Exercise data
- - - - - - -

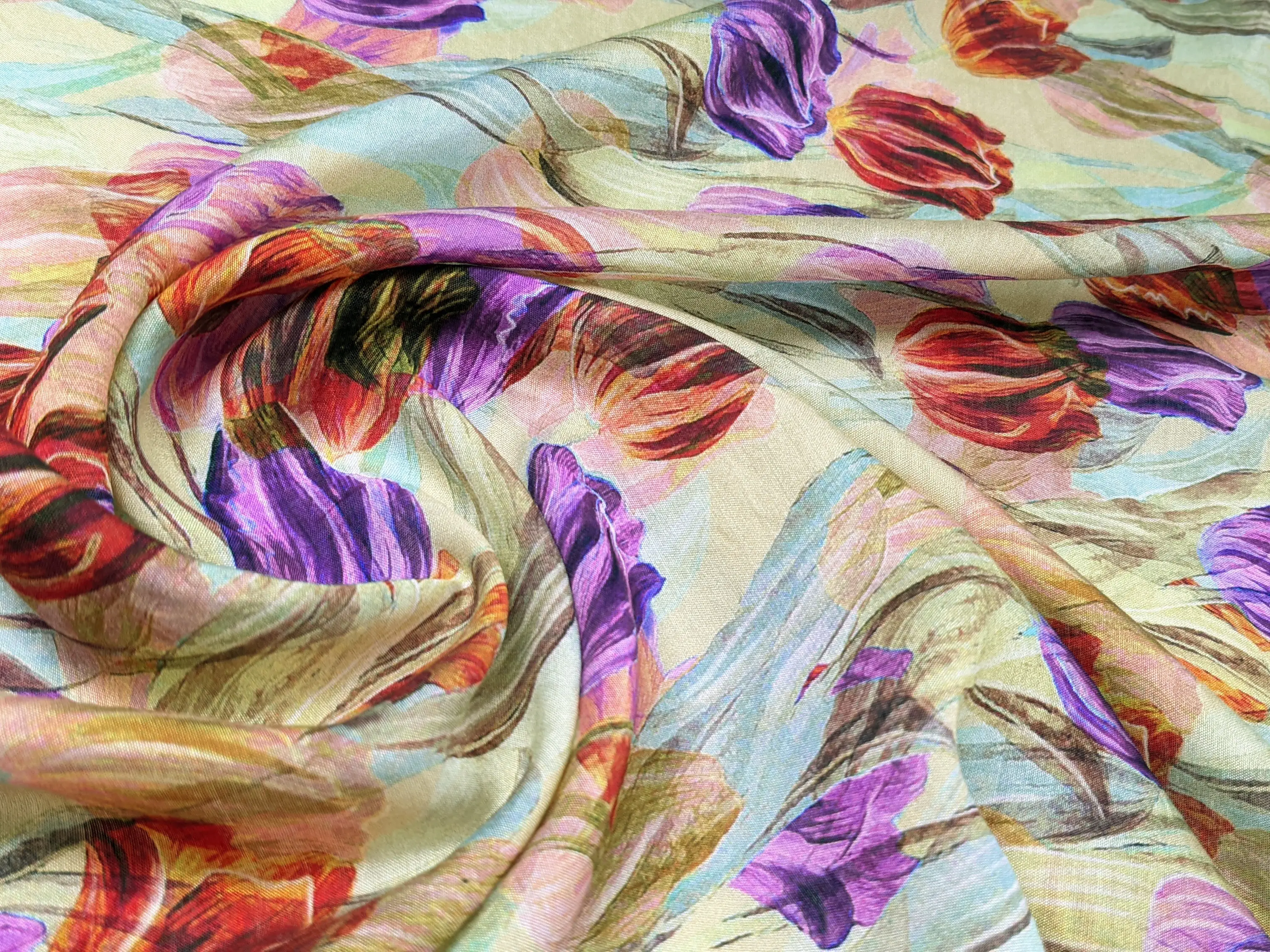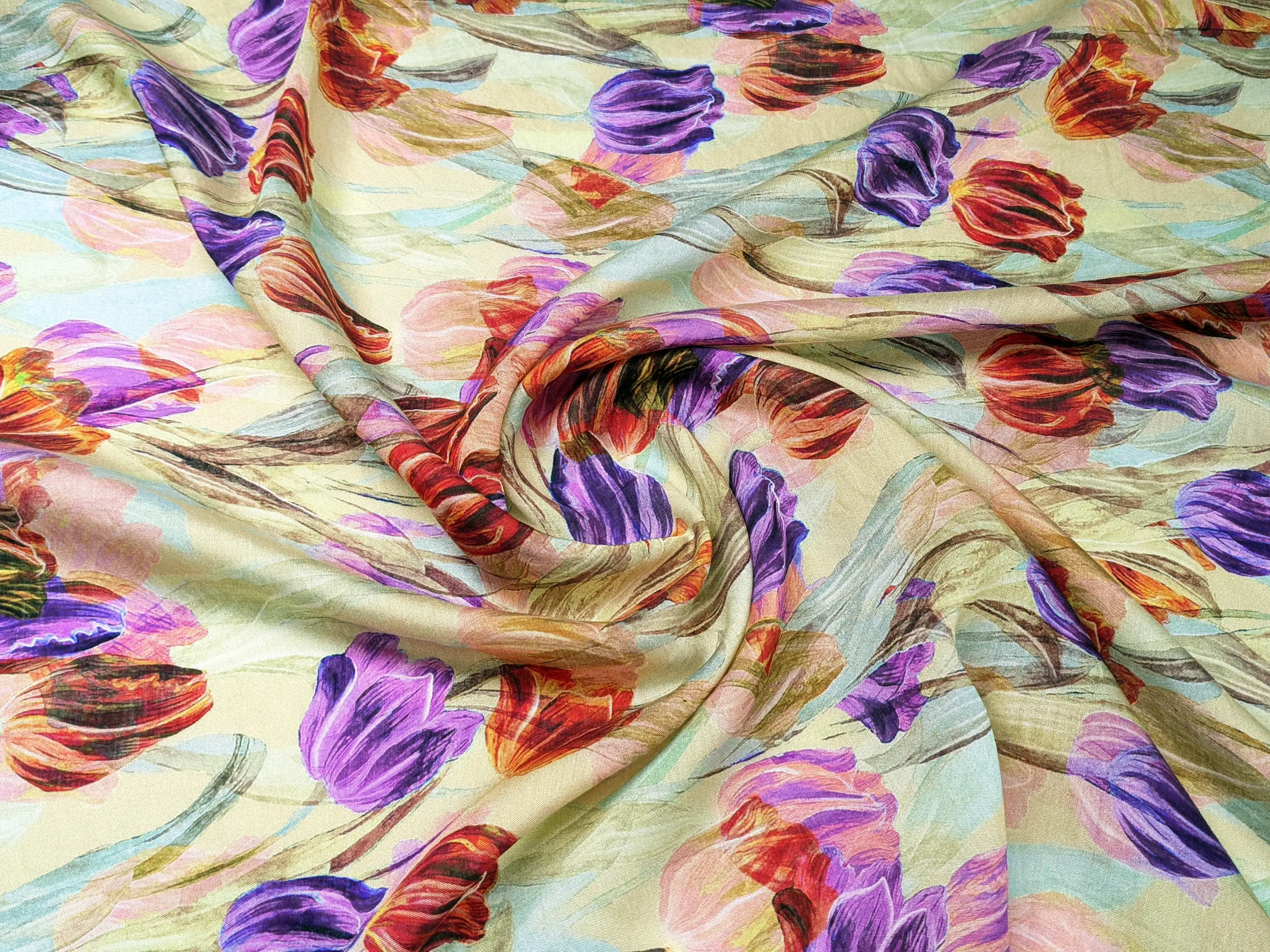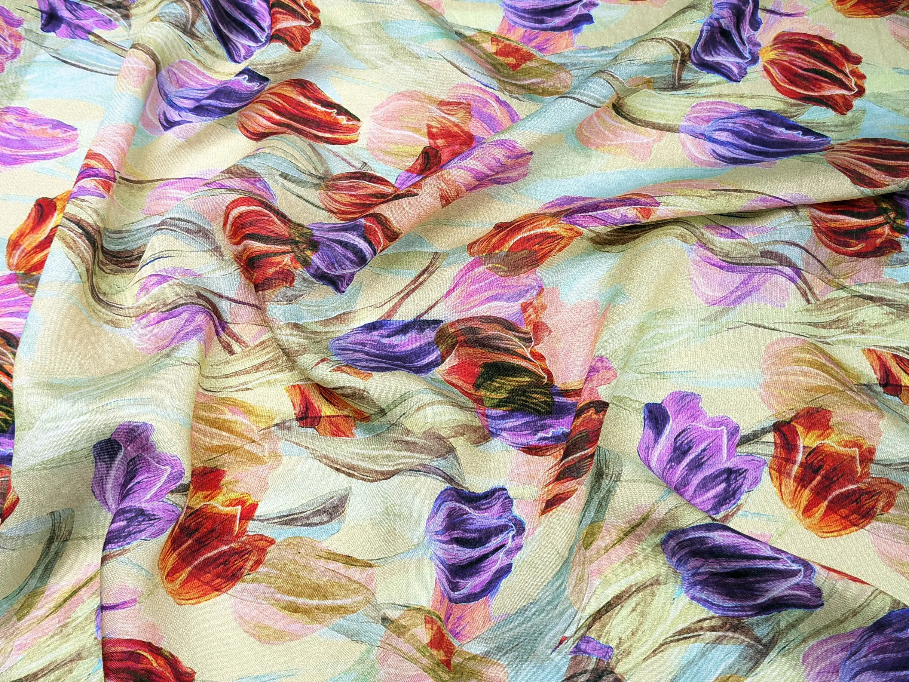 Шовк віскоза тюльпани, блідо-салатовий
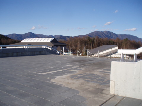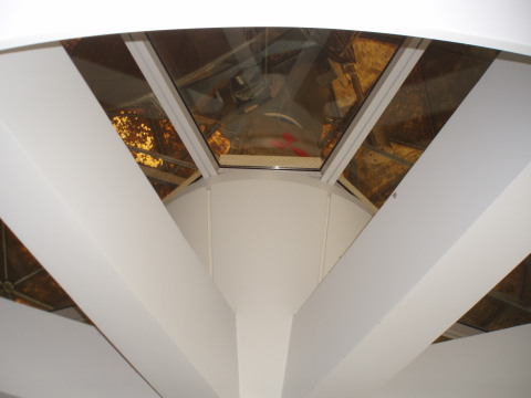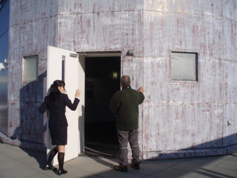 館内の階段を昇り、内側から 動くレーダーを見上げた所です。 ドームの内側は茶色くくすんで見えます。 そのパネルは見本を触ってみましたが 意外にも薄く軽いものでした。 ![]() |
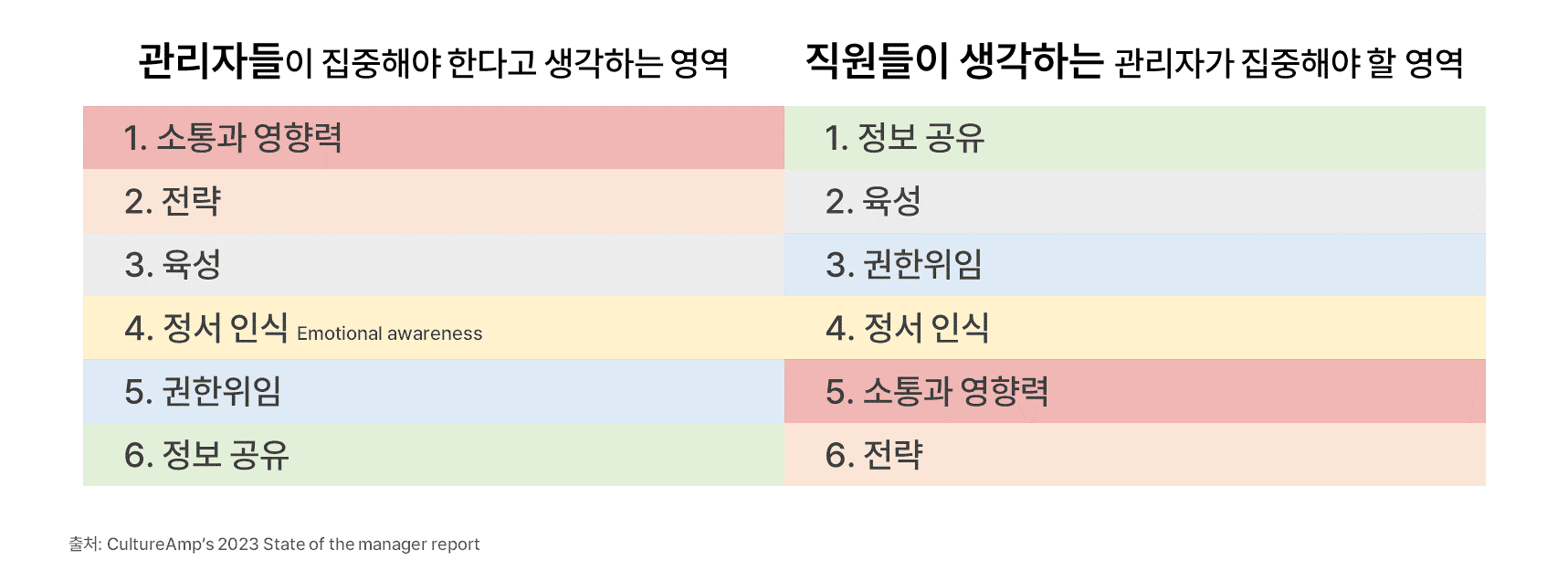 리더가 구성원에게 효과적으로 영향력을 미치기 위해서는 자신이 팀원에게 기대하는 것, 팀원이 자신(리더)에게 기대하는 것은 무엇인지 명확하게 인지하고 소통할 필요가 있다. 컬처앰프의 분석에 의하면, 리더와 팀원이 중요하게 생각하는 요소는 그 우선순위에서 차이가 있는 것으로 나타났다.
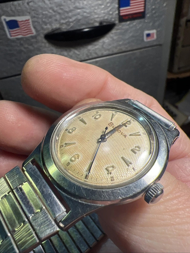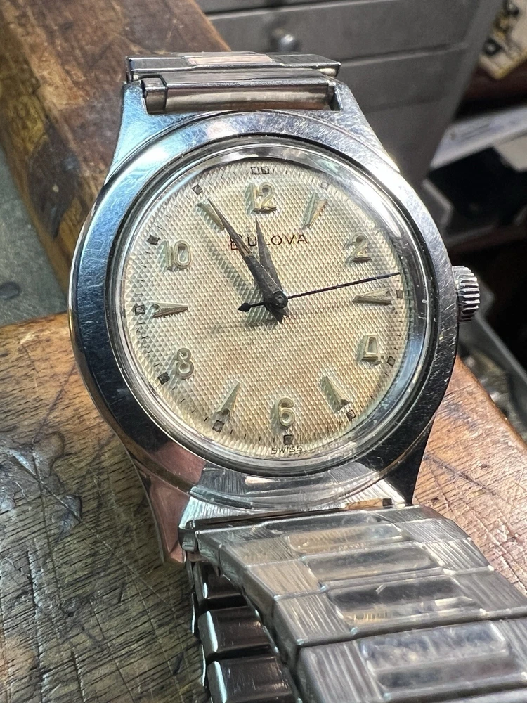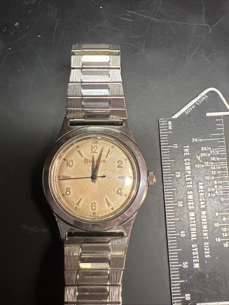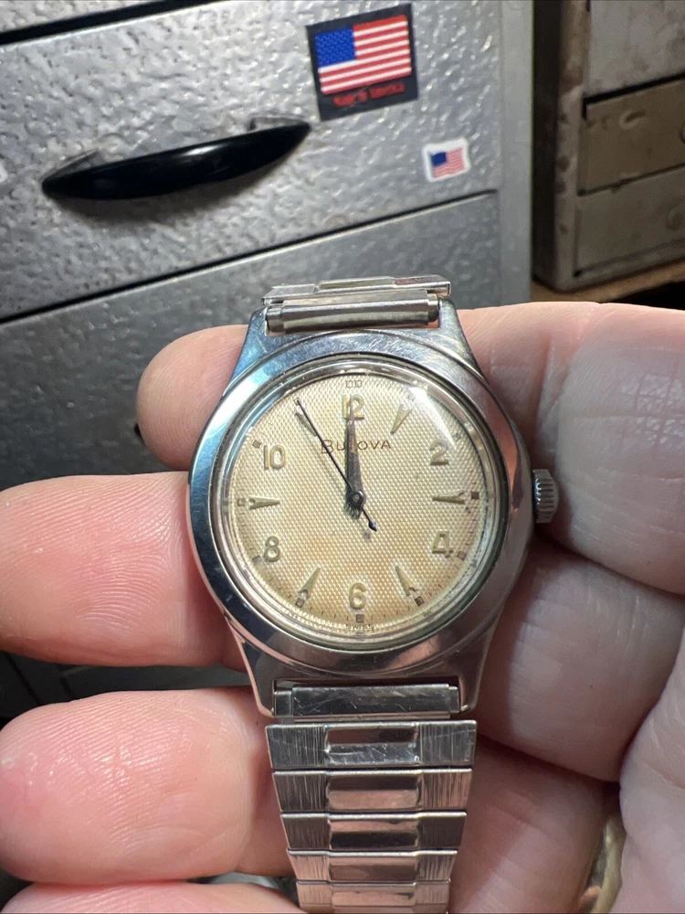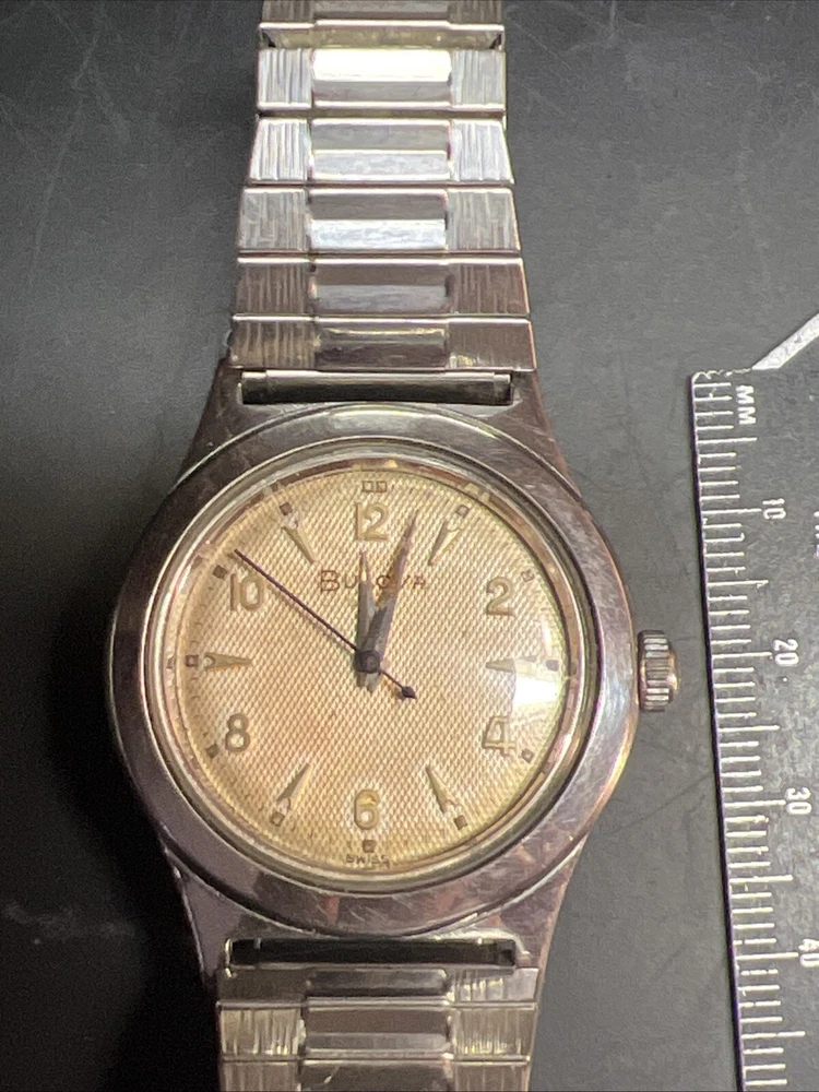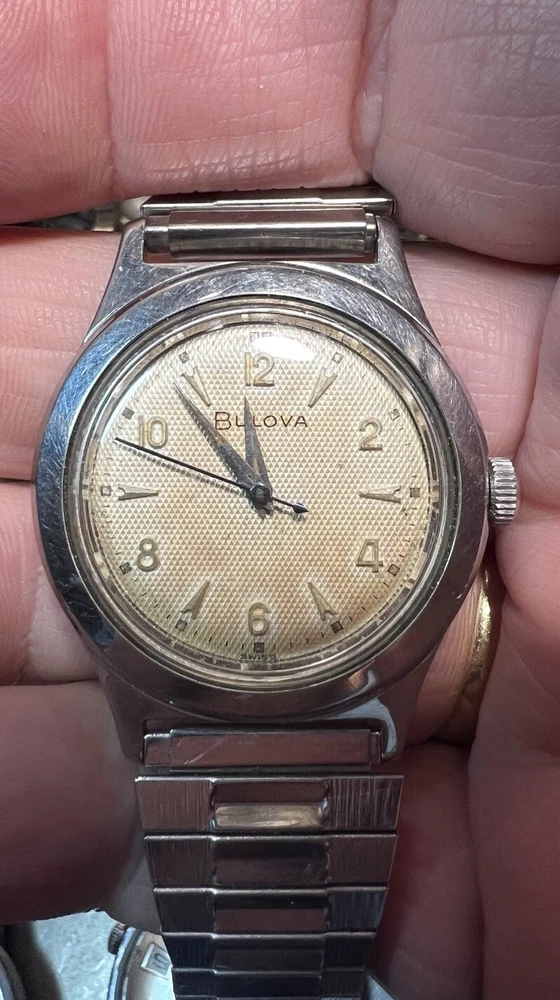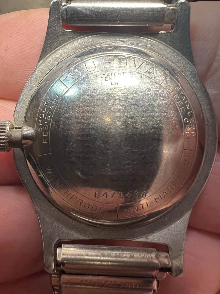 Vintage BULOVA L6 (1956) Stainless Steel Case Wind-up Men's Watch Working Well!! Flex band! Keeps good time! Nice clean case and dial face!! Has scratching on case!! As is as seen as pictured as found!! Please read below: Please review item specifics, and pictures for best details!! Please ask questions and good luck bidding! If any issue with purchase or arrival condition such as not as described, please reach out to me before posting feedback and or opening a case and I will make it right!! My wish is for you to have a happy buying experience and to enjoy my items!! Please note about vintage items. Unless marked new or new old stock, they are sold in used, as-is, pre-owned condition. Because of the age of these items they may have some wear, imperfections and signs of use, age and time… "International buyers " please note: Import duties, taxes, and charges aren't included in the item price or postage cost. These charges are the buyer's responsibility. “Please check with your country's customs office to determine what these additional costs will be, prior to bidding or buying." Shipping international via the eBay international Shipping method! ** Due to the nature of used/vintage watches, I do not guarantee long term functionality and accuracy... for best performance always have older watches serviced!! ** In regard to water resistance and or waterproof: the water resistance rating, if any, is based on the manufacturer's marking, not an actual test by me. I do not recommend using any of my used watches in submerged water environment such as swimming or shower or ocean!

- - - - - - -

What is required
Beginning with the line above that contains "館内の階段を昇り、内側から 動くレーダーを見上げた所です。 ドームの内側は茶色くくすんで見えます。" and ending with the line that contains "리더가 구성원에게 효과적으로", quote each line exactly, keeping out the pictures.

The answer
 館内の階段を昇り、内側から 動くレーダーを見上げた所です。 ドームの内側は茶色くくすんで見えます。 そのパネルは見本を触ってみましたが 意外にも薄く軽いものでした。 ![]() |
 리더가 구성원에게 효과적으로 영향력을 미치기 위해서는 자신이 팀원에게 기대하는 것, 팀원이 자신(리더)에게 기대하는 것은 무엇인지 명확하게 인지하고 소통할 필요가 있다. 컬처앰프의 분석에 의하면, 리더와 팀원이 중요하게 생각하는 요소는 그 우선순위에서 차이가 있는 것으로 나타났다.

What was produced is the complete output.